Air quality worsens in portions of states along the border
By Newser Editors and Wire Services
Posted Jun 1, 2025 1:55 PM CDT
Wildfires Drive Evacuations in 3 Provinces
Wildfire smoke hangs in the air above Highway 97 north of Buckinghorse River, British Columbia, on Friday.   (Nasuna Stuart-Ulin/The Canadian Press via AP)

More than 25,000 residents in three Canadian provinces have been evacuated as dozens of wildfires remained active Sunday and diminished air quality in parts of the country, as well as the US, according to officials. Most of the evacuated residents were from Manitoba, which declared a state of emergency last week. About 17,000 people there were evacuated by Saturday along with 1,300 in Alberta, the AP reports. About 8,000 people in Saskatchewan had been relocated as officials there warned the number could climb. Military planes and helicopters have been used to evacuate residents in some remote areas, per the BBC.
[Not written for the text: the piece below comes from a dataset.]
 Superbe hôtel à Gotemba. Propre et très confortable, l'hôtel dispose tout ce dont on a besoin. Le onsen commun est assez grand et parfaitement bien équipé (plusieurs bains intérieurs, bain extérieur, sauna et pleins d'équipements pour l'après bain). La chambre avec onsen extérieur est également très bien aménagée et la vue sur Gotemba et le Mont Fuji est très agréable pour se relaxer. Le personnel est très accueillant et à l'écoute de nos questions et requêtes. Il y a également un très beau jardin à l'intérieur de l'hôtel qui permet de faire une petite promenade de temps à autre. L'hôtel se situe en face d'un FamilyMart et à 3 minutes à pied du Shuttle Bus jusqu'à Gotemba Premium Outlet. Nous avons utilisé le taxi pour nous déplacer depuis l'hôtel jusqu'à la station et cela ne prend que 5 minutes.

Smoke was worsening air quality and reducing visibility in Canada and into some states along the US border. "Air quality and visibility due to wildfire smoke can fluctuate over short distances and can vary considerably from hour to hour," Saskatchewan's Public Safety Agency warned Sunday. "As smoke levels increase, health risks increase." Saskatchewan Premier Scott Moe said that the hot, dry weather is allowing some fires to grow and threaten communities, and that resources to fight the fires and support the evacuees are stretched thin. "The next four to seven days are absolutely critical until we can find our way to changing weather patterns, and ultimately a soaking rain throughout the north," Moe said Saturday.
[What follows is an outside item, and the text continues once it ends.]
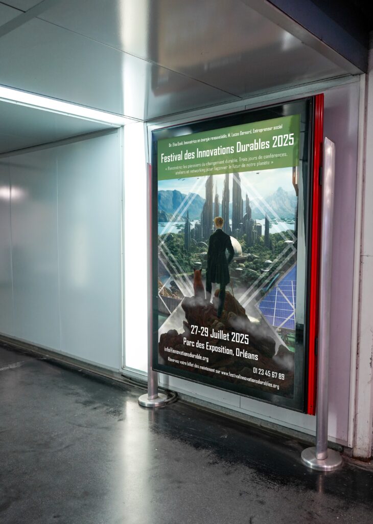 Création d’une affiche promotionnelle pour le Festival des innovations durables, inspirée de Le Vagabond de Bosch.

In Manitoba, more than 5,000 of those evacuated are from Flin Flon, located nearly 400 miles northwest of the provincial capital of Winnipeg. The fire menacing Flin Flon began a week ago near Creighton, Saskatchewan, and quickly jumped the boundary into Manitoba. Crews have struggled to contain it. Water bombers have been intermittently grounded by heavy smoke and a drone incursion. The US Department of Agriculture's Forest Service deployed an air tanker to Alberta and said it would send 150 firefighters and equipment to Canada. In some parts of the US, air quality reached "unhealthy" levels Sunday in North Dakota and small swaths of Montana, Minnesota, and South Dakota, according to the US Environmental Protection Agency's AirNow page.